= John Stock (teacher) =

English schoolmaster (1764–1842)

John Stock (1764 – 1842) was headmaster of the Poplar House Academy, London, in the late eighteenth century and early nineteenth century.

== Biography ==
In 1786, he married Miss Parker who also worked at the school.

He is noted for being a progressive teacher interested in teaching science. He published Syllabus of Philosophical Lectures Given During Each Half Year at Poplar House Academy in 1826. One historian described him as an autodidact who nevertheless provided an exemplary education " insofar that it was energetic and practical (based on a spirit of ambitious competition amongst his pupils).

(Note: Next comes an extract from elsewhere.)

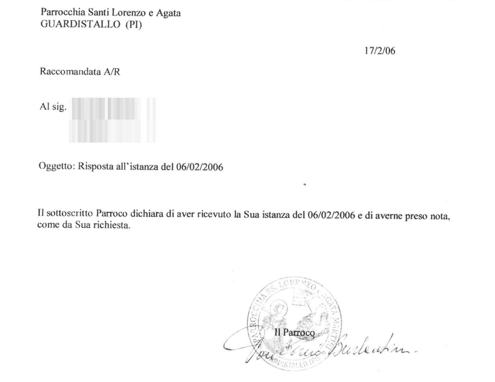 Una persona ha chiesto la rettifica dei dati relativi al proprio battesimo avvenuto a Santi Lorenzo Ed Agata - GUARDISTALLO (PI) il 07/02/2006, dichiarando di non voler più far parte della Chiesa Cattolica.

Stock educated Charles Pritchard (1808–1893), from 1822. Pritchard, a future astronomer, used some old instruments at the school constructed by James Ferguson. He went on to become Headmaster of Stockwell Grammar School.

In 1814, he had his portrait painted by Henry William Pickersgill.

In 1821 and 1823, he and fellow parishioner, George Green, provided two tranches of loans towards the building of All Saints, Poplar, a new church being built in the parish.. However this supplanted a year or so later by a loan on better terms from the West India Dock Company.

In 1833, he gave evidence to the House of Commons select committee on Public Walks raising concerns about the lack of public space for the "humbler class of Londoner"" and that this was contributing to such people frequenting public houses.

He was a visiting justice to the Hanwell Asylum.

He served as a magistrate for Middlesex and was buried in the graveyard of St Matthias Old Church, Poplar.